「看美人如畫。」
秦如薇瞪他一眼。
「你這些日子過得怎樣?可還順當?」莊楚然知她麵皮薄,也不逗她了。
「挺好的,開了鋪子就忙得緊,不過真的挺好。」秦如薇看了看他,道:「我還做了一事,嗯,壞事。」
莊楚然挑眉。
秦如薇把玩著手上的荷包,淡聲道:「我把鄧家毀了一半。」
莊楚然聞言坐直了身子,問:「可有吃虧?」
秦如薇一怔,隨即露出一個溫暖的笑容來,搖了搖頭,道:「既然做得,我自不會吃虧。」見他靜默看著自己,便徐徐將如何算計鄧家的事從頭到尾說了個清楚明白。
莊楚然皺起眉。
秦如薇一直注意著他的表情,見他皺眉,斂了眼皮,道:「可是覺得我太惡毒了些?」
「你怎會這般想?」莊楚然滿面愕然的望著她。
秦如薇低頭不語。
莊楚然想了想,失笑道:「我只是想,你有煩心事,怎的不告與我,偏要,偏要欠那唐冶的人情?」
她說到求的唐冶幫忙,心裡還著實酸的不輕,唐冶那人,長了一副好皮相,嘴巴跟用油刷過似的,甜言蜜語張口就來,別以為,他不知道那小子看秦如薇的目光。

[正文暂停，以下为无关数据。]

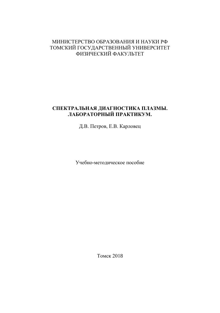 Представлены основы спектральной диагностики плазмы, описана необходимая инструментальная база, а также изложены рекомендации для выполнения лабораторных работ. Пособие составлено в соответствии с тематикой практических занятий и программой курса «Спектроскопия плазмы» студентов физического факультета ТГУ. Предназначено для бакалавров и магистрантов, обучающихся по направлениям подготовки 03.03.02 Физика. 03.04.02 Физика. Фундаментальная и прикладная физика.
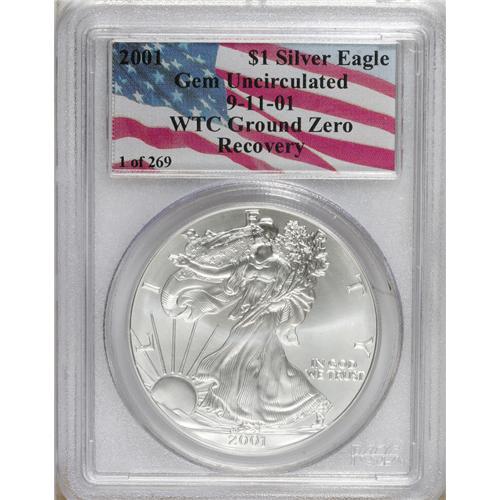 <B>2001 $1 Silver Eagle Gem Uncirculated PCGS.</B></I> 9-11-01 WTC Ground Zero Recovery. (#9954)<BR><BR><b>Shipping:</b> Coins & Currency (<a target="_blank" href="http://www.heritageauctions.com/common/shipping.php">view shipping information</a>)
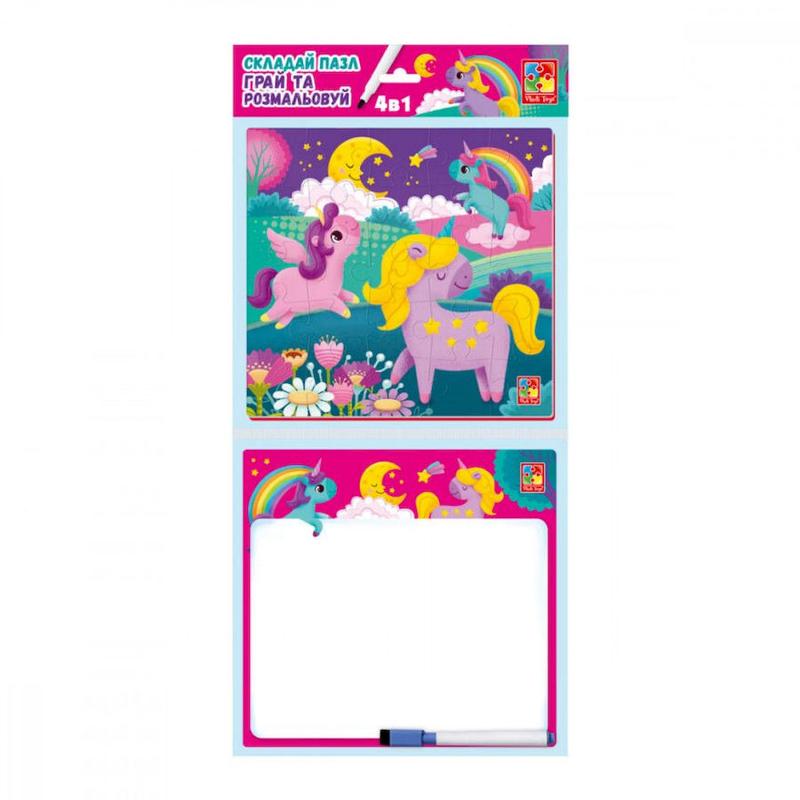 Развивающий набор 4 в 1 "единороги" vt2002-05 пазл, раскраска, маркер
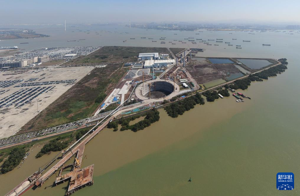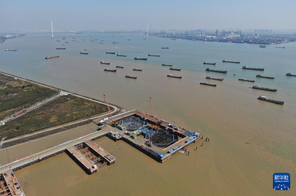 这是狮子洋大桥西锚碇及远处的西主塔承台施工现场(3月12日摄,无人机照片)。
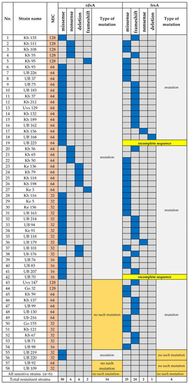 Mutations in rdxA, which encode oxygen insensitive NADPH nitroreductase, and inactivation of frxA, which encodes NADPH flavin oxidoreductase, are associated with resistance to metronidazole [16,17]. Fifty-eight (78.4%) strains were resistant to metronidazole (Figure 4), and among the resistant strains, 30/58 (51.7%) carried missense mutations and 6/58 (10.3%) carried a nonsense mutation in rdxA (Figure 4). Six strains (10.3%) had the deletion, and two strains (3.4%) carried a frameshift mutation in rdxA. Twenty-five strains carried missense mutations in frxA, and the frameshift mutation was predominantly detected in frxA (24/58) compared with rdxA. Two strains carried a nonsense mutation, and frxA was deleted from one strain. The sequences of two strains were incomplete. Interestingly, the two strains that were moderately resistant to metronidazole (MIC 32–64 μg/mL) did not carry mutations in rdxA or frxA.
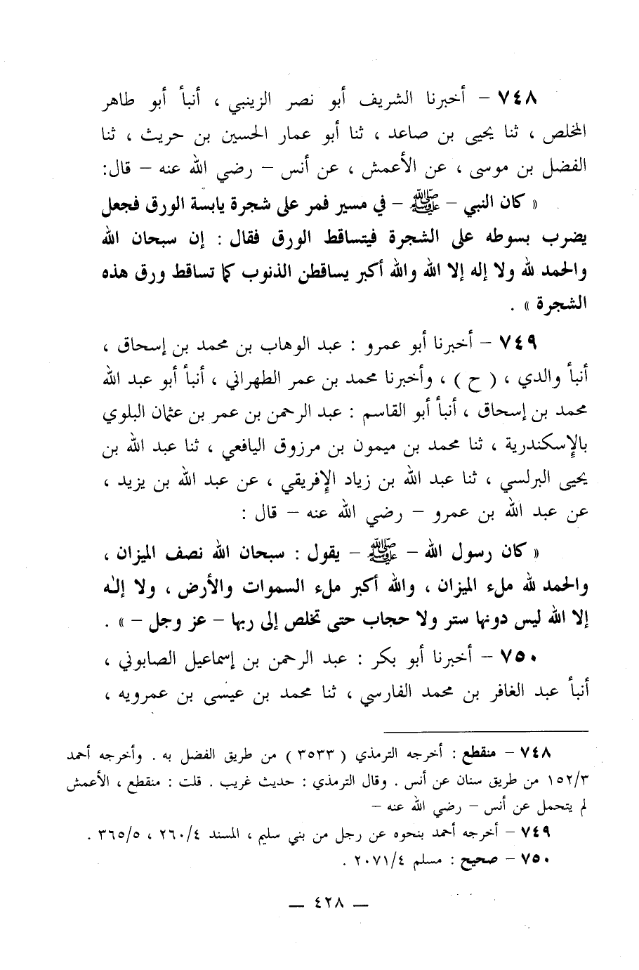 748- أخبرنا الشريف أبو نصر الزينبي، أنبأ أبو طاهر المخلص، ثنا يحيى بن صاعد، ثنا أبو عمار الحسين بن حريث، ثنا الفضل بن موسى، عن الأعمش، عن أنس –رضي الله عنه- قال:
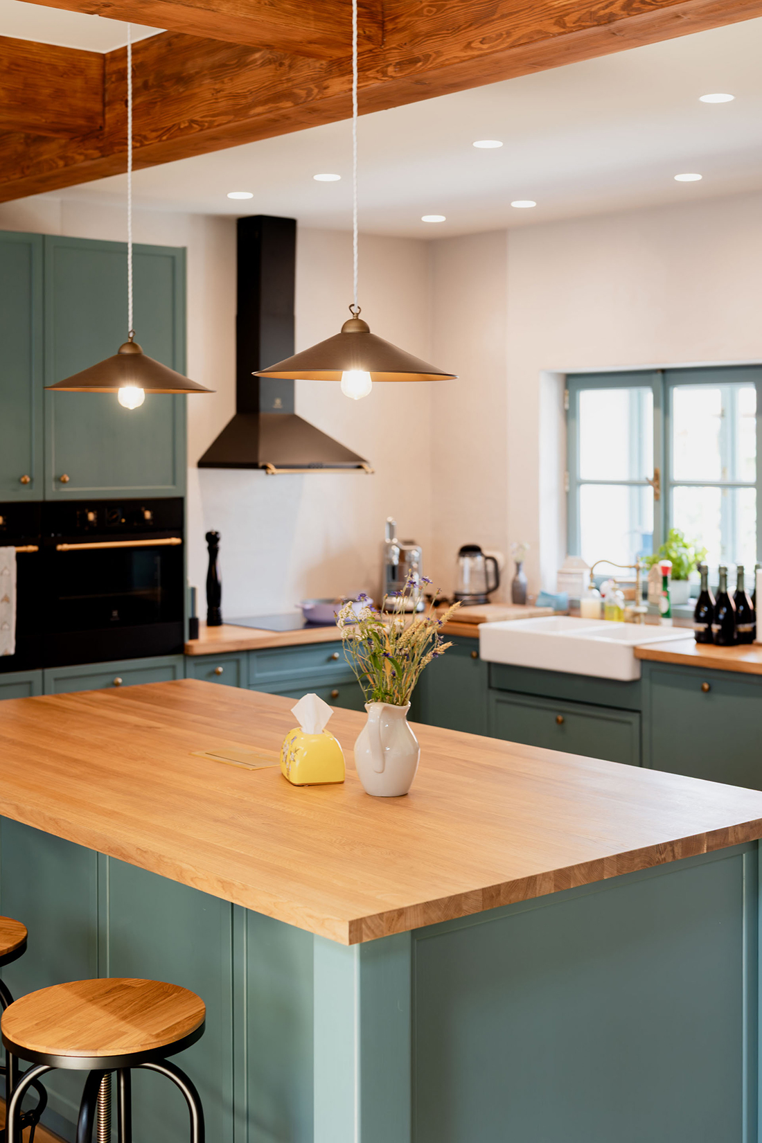 Natural materials such as wood, stone, and textured plaster form the foundation of the interior, emphasizing tactility, durability, and authenticity. A distinctive color palette, defined by the client, plays a key role in shaping the atmosphere. Soft, muted tones are used to unify individual spaces and subtly reference traditional rural interiors, while their contemporary application gives the house a fresh and timeless expression. The open living area connects kitchen, dining, and relaxation spaces into a communal heart of the home, reflecting the social nature of rural life.

所以,他確實有些惱,惱她找唐冶幫忙,而不是想到自己。
秦如薇呃了一聲,偷眼看去,這人,是醋了?
意識到這一點,秦如薇心裡有一絲甜意蔓延開去,甜絲絲的。
她咳了兩聲,道:「你不是出去遊學了嗎?遠水救不了近火。」
莊楚然更懊惱了,道:「我這趟離開,可真是離開得不是時候,倒讓唐家那小子有機可乘了。」
秦如薇嗔笑,斜睨著他道:「瞧你說的,是個秀才爺說的話麼?」頓了頓又道:「我們,也只是君子之交,並無其它。」
得,這是解釋了!
秦如薇臉上發燙,扭過頭去。
莊楚然卻是歡喜了,問:「真的?你真這麼想?」
語氣裡帶著揶揄,秦如薇的臉越發燙了,想起莊大娘,熱度便冷了幾分,轉移話題道:「端午時,我去了你家一趟。」
莊楚然一愣,濃眉皺了起來,直覺她接下來的話有些不好聽。
「給你娘送了兩香囊,她恰好去求了支好簽,是支上上籤,說你將來得娶貴妻,前程似錦。」秦如薇看著他,道:「莊大娘她,對你的期望極高。她說了,將來給你求娶媳婦兒,這第一個,就是要身家清白的大姑娘。」
莊楚然突然覺得心有些慌,執過她的手,道:「你放心裡去了?」
秦如薇看著那握著自己的大手,指骨分明又修長,發抿了一下唇,道:「你也知道,我從前。。。」
「我不介意。」莊楚然打斷她。
「莊大娘介意,若是莊大娘一直不允呢?」秦如薇定定地看著他,問:「你當如何?」
「不會的。」
「莊大哥,今上重孝道,一個孝字能壓死人,為我,你能走到哪一步?」秦如薇淡聲道:「莊大娘連官媒都尋了。」
莊楚然呼吸一窒,眸中變幻莫測。
「瞧我,說這個作什麼?這也不是你我能決定的事兒。」秦如薇苦笑。
自古婚姻,父母之命,媒灼之言,兩情相悅而成的,又有多少?
「不,你錯了!」莊楚然緊緊握著她的手,道:「我會走到底,一直,你相信我。」
秦如薇有些愣神。
「我會求得她同意,薇兒,你等我可好?」莊楚然似是哀求,似是宣誓,認真地道:「我會以三書六禮為聘,讓你堂堂正正的成為我的妻,你等我可好?」
不可否認的,他說出這麼一番話,秦如薇的心著實不爭氣的跳了幾下。
看著緊握著自己手的那一雙手,再看他黑黑沉沉的眸子,秦如薇咬牙點頭:「好。只要你不放手,我會等。」
再信一次愛情又如何?若是不能,大不了,她自己一個人過!
莊楚然雙眼一亮,緊緊握著她的手,兩人對視著,笑容清淺,咚咚咚的心跳聲,從相握的手穿透彼此。
作者有話說:言情啊言情,作者君總感覺古人言情好難,於是,我又渣了一把,這情言的,好爛!咳!